Il giudizio è comunque positivo perché questi cali sono riferiti al quantitativo totale, in percentuale invece il riciclo, con la sola eccezione dell’alluminio, è in aumento. Carta e acciaio sono i prodotti più riciclati, secondo il rapporto, con punte vicino al 80%. Un successo questo dovuto alla buona strutturazione del comparto organizzato in Consorzi e altri organi di filiera, che hanno saputo attenuare gli effetti della crisi. Un’economia in crescita dunque che guarda verso l’estero, con interesse e qualche preoccupazione. Fatta eccezione per l’export della carta da macero, che rispetto al 2008 cresce del 23 %con quasi 2 milioni di tonnellate nel 2009, l’Italia ha importato 6 milioni di T di materiali da destinare al riciclo: segno di un mercato che ancora fatica a trovare una sua stabilità.
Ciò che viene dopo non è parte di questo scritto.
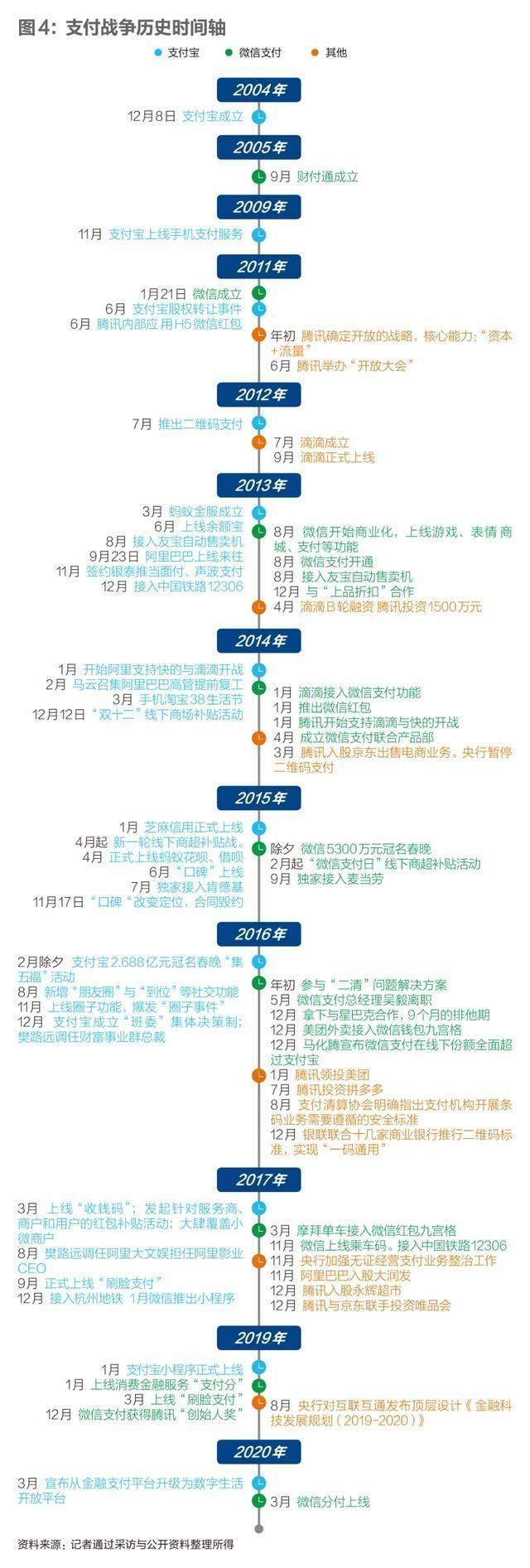 如果纵览时间线,这场支付战争由2013年微信支付的诞生开始,到2016年底格局初定,再到2019年战场上双方火力终于减弱。这场商业战争曾经声势浩大,无论是当年滴滴、快的的网约车之战,还是摩拜、ofo的单车之战,背后都在发生支付战争。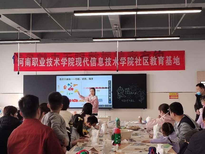 12月9日,河南职业技术学院现代信息技术学院为文苑路社区居民开展专业进社区主题为“少儿色彩启蒙--手绘斑斓,悦趣童年”的技能培训,社区百余位家长和学生参加了本次培训。

Altro dato negativo è l’arretratezza nello smaltimento degli “inerti da costruzione” addirittura da farci assegnare in Europa la maglia nera. Ogni anno viene recuperato solo il 10% di questi rifiuti: che vanno dagli sfridi di materiali ceramici agli scarti della costruzione di un edificio fino a quelli della lavorazione della pietra. Una ragione per sorridere in più invece è la raccolta dei Raee, che nel 2009 è entrata finalmente a regime, anche se ancora non in maniera soddisfacente. Lo scorso anno sono stati infatti raccolti rifiuti da apparecchiature elettriche ed elettroniche per 3,21 kg/abitante.
Nel rapporto “L’Italia del Riciclo” sono stati raccolti poi 23 casi di best practices, di aziende che dal Nord al Sud, testimoniano una realtà in fermento ed economicamente in espansione. Ma diversi sono però i nodi da sciogliere. Una maggiore competitività delle imprese, garantendo una maggiore legalità dei processi di smaltimento evitando così anche il dumping ambientale che inquina la concorrenza. Una maggiore raccolta differenziata sul territorio nazionale. E’ necessaria inoltre una mappatura degli impianti di raccolta e gestione dei rifiuti per avere strutture necessarie alle reali esigenze di un territorio per evitare sovra o sotto stime. Una maggiore facilità di commercializzazione all’estero potrebbe attrarre maggiori capitali ed incentivi. Per concludere serve, cosa che apparentemente sembrerebbe la più fattibile nel breve periodo, una normativa più semplice e stabile. Un esempio su tutti è il caso dei Green Public Procurement: una buona legge che però non viene sempre applicata.